### Records for this exercise
◇ ◇ ◇ ◇ ◇

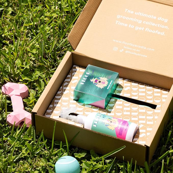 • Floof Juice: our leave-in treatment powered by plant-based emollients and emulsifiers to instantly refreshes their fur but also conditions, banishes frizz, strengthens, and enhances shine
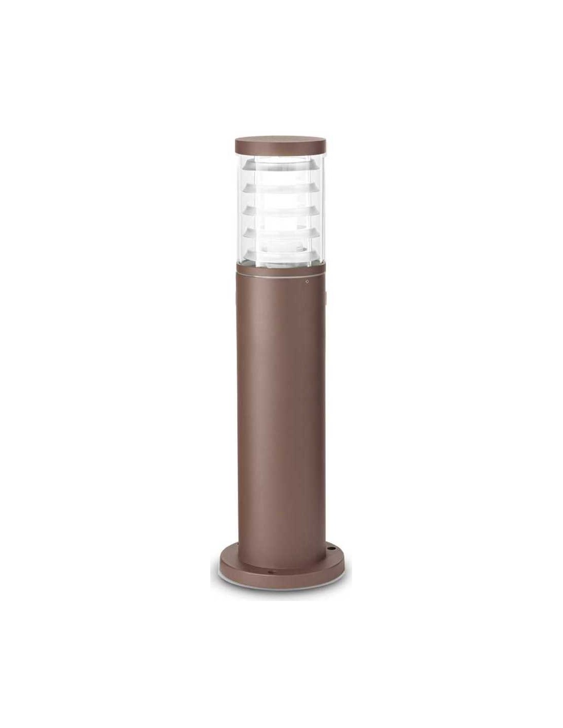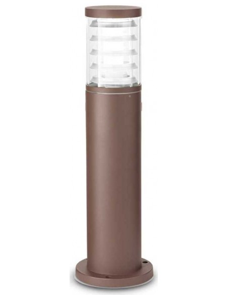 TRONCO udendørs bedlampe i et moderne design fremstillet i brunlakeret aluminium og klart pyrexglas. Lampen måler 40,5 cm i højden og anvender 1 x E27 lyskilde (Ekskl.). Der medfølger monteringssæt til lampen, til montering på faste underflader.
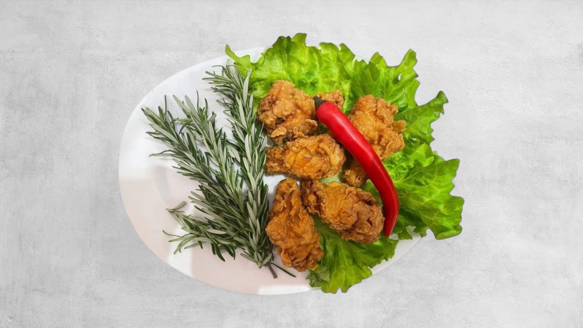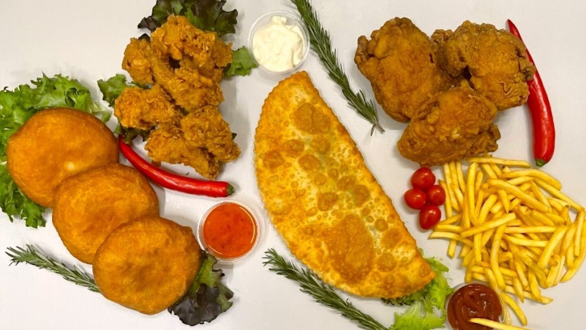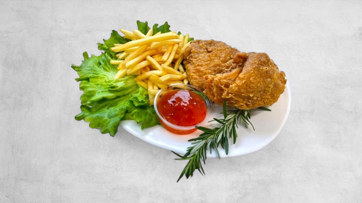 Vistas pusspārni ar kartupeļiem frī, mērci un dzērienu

◇ ◇ ◇ ◇ ◇

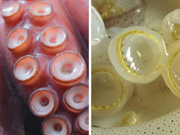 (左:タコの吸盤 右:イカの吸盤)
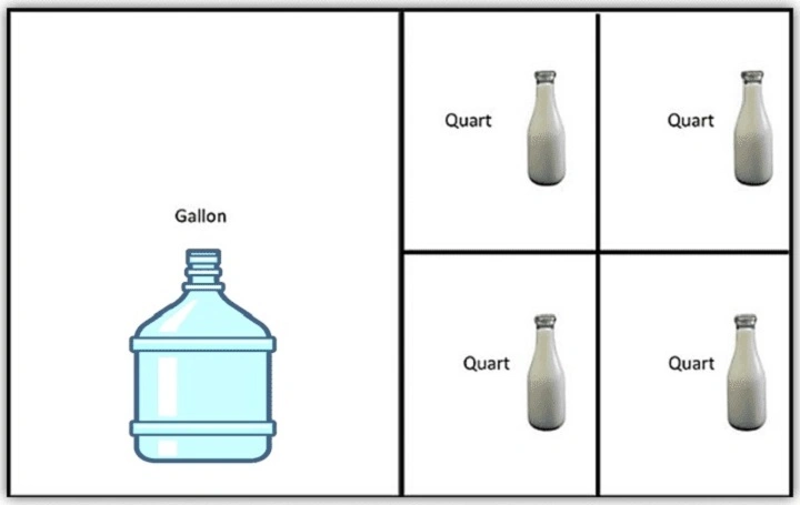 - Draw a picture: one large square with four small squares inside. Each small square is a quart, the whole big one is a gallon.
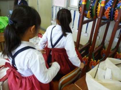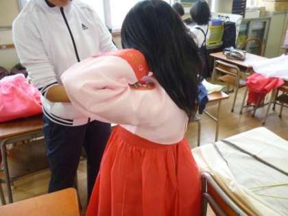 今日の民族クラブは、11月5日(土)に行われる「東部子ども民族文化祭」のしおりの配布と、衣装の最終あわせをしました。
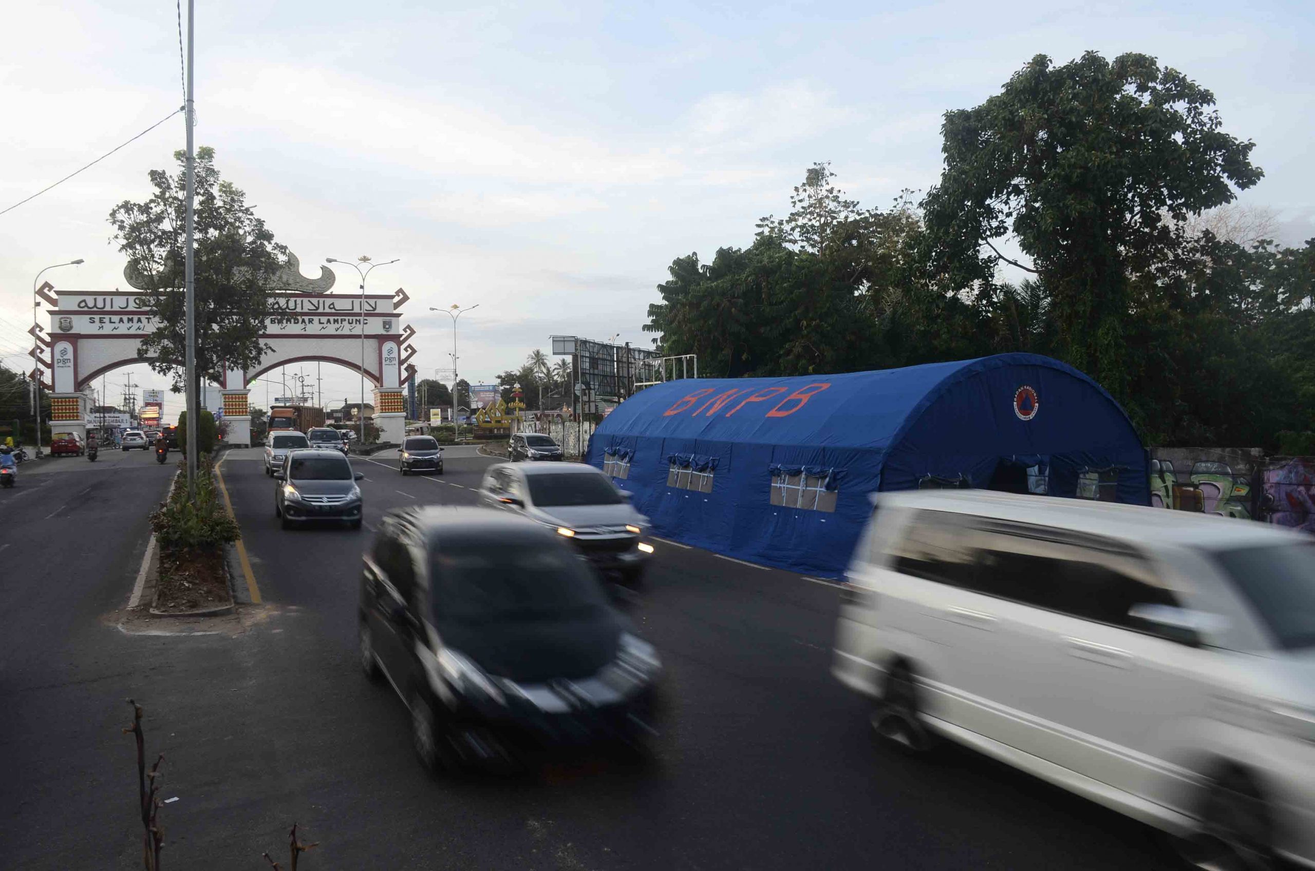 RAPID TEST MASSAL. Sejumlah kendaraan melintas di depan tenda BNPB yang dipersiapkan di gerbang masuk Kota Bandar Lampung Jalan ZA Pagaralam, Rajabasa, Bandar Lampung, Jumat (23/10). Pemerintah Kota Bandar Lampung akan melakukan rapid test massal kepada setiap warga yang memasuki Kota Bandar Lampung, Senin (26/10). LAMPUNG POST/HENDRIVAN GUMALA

◇ ◇ ◇ ◇ ◇

### Prompt
Output only the lines above from the one containing "(左:タコの吸盤 右:イカの吸盤)" to the one containing "今日の民族クラブは、11月5", both included, exactly as written and with no pictures.

### Answer space
 (左:タコの吸盤 右:イカの吸盤)
 - Draw a picture: one large square with four small squares inside. Each small square is a quart, the whole big one is a gallon.
 今日の民族クラブは、11月5日(土)に行われる「東部子ども民族文化祭」のしおりの配布と、衣装の最終あわせをしました。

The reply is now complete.